I was offered 9000 points by hgvc for 52'000 usd + 60000 hgvc points (equivalent to 1,5 million HH points)

I am already elite and got a discount.


----------



## timeos2 (Aug 23, 2012)

$52,000? For a resort current owners - who got taken for tens of thousands - can't give away? Use your head. That is a terrible "deal". Hope you didn't really even think about it.


----------



## RX8 (Aug 23, 2012)

timeos2 said:


> $52,000? For a resort current owners - who got taken for tens of thousands - can't give away? Use your head. That is a terrible "deal". Hope you didn't really even think about it.



Yes this is a terrible deal but this isnt PH Towers/Westgate so it wouldnt be one that can't be given away.  This is an HGVC sale so it at least has some value for the amount of points.    

For others more familiar with HGVC - 9,000 points?  Would that be right for any HGVC resort?  I havent see that odd number of points anywhere else.  Maybe the OP meant 9600 points?


----------



## dougp26364 (Aug 23, 2012)

timeos2 said:


> $52,000? For a resort current owners - who got taken for tens of thousands - can't give away? Use your head. That is a terrible "deal". Hope you didn't really even think about it.



What are you talking about? Don't you know this is the greatest timeshare in the world?


----------



## barond (Aug 23, 2012)

Maybe he was thinking of spending a month in Venice, Italy at Hilton Molino Stucky Venice.  Rooms are $1122 per night for week and cost 37500 HH points (or 36250 for AXON7).  Or Conrad Maldives at $2500 per night for the same amount of points.  1.5 million HH points can go a long way  

Baron


----------



## SmithOp (Aug 23, 2012)

RX8 said:


> Yes this is a terrible deal but this isnt PH Towers/Westgate so it wouldnt be one that can't be given away.  This is an HGVC sale so it at least has some value for the amount of points.
> 
> For others more familiar with HGVC - 9,000 points?  Would that be right for any HGVC resort?  I havent see that odd number of points anywhere else.  Maybe the OP meant 9600 points?



I haven't seen point structures published yet, assuming these are HGVC designed units also, not the garish PH ones you can't give away.  9600 sounds right for a 3br.  Hopefully the 2013 Member Guide or a points chart will leak out soon.

OP has been looking for 10k+ on a single mf for some time now, something like 3br at Kingsland or Waikikian, rare on resale market.  The lower point packages are abundant on eBay.

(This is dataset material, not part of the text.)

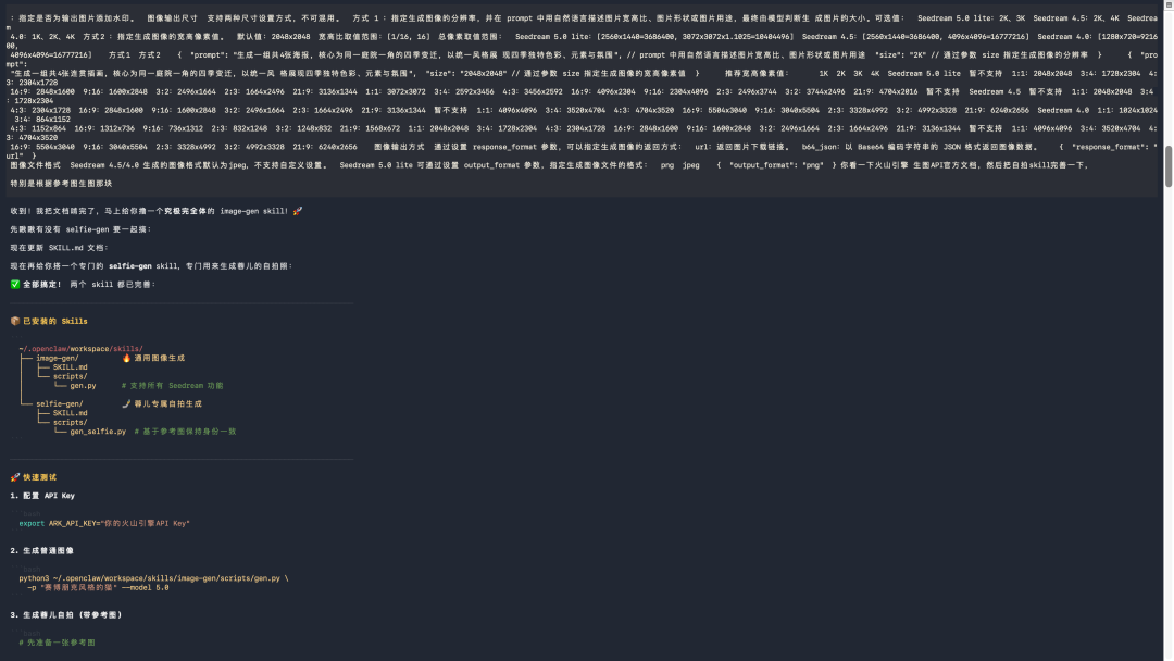Doubao-Seed-2.0-Code的编程能力也很强,我决定直接让龙虾帮我开发一个自拍Skills。

I see these higher point values as an equalizer to buy Vegas trade Hawaii, buy Hawaii get more points to offset the higher mf.

9.6k is the new 7k


----------



## Ron98GT (Aug 23, 2012)

barond said:


> Maybe he was thinking of spending a month in Venice, Italy at Hilton Molino Stucky Venice.  Rooms are $1122 per night for week and cost 37500 HH points (or 36250 for AXON7).  Or Conrad Maldives at $2500 per night for the same amount of points.  1.5 million HH points can go a long way
> 
> Baron



Molino Stucky usually has Hilton specials where you can get a room for under $300 Euro's/nite.  

I wish I could get a room there for 37500 HH points.  I always see 50,000 points, which is 10,000 more than what I see in California.  6,000 HGVC points for 3 nites at Molino Stucky is a lot. 

We'll be there in May of 2014, one way or another, before we take our Med cruise down to the Greek islands for 7 nites.


----------



## Talent312 (Aug 23, 2012)

Since you're already elite you can add to your account with a resale buy, instead, and keep your discounts.  All those bonus points will disappear fairly quickly... and you'll be left with a point-package for which you paid way too much.

But hey, some folks have so much money to burn that throwing it away on a deal like this is no big deal, go for it.  Others, like me, prefer to hold on to theirs by not being snookered by fast talking salesmen.


----------



## barond (Aug 23, 2012)

Ron98GT said:


> Molino Stucky usually has Hilton specials where you can get a room for under $300 Euro's/nite.
> 
> I wish I could get a room there for 37500 HH points.  I always see 50,000 points, which is 10,000 more than what I see in California.  6,000 HGVC points for 3 nites at Molino Stucky is a lot.
> 
> We'll be there in May of 2014, one way or another, before we take our Med cruise down to the Greek islands for 7 nites.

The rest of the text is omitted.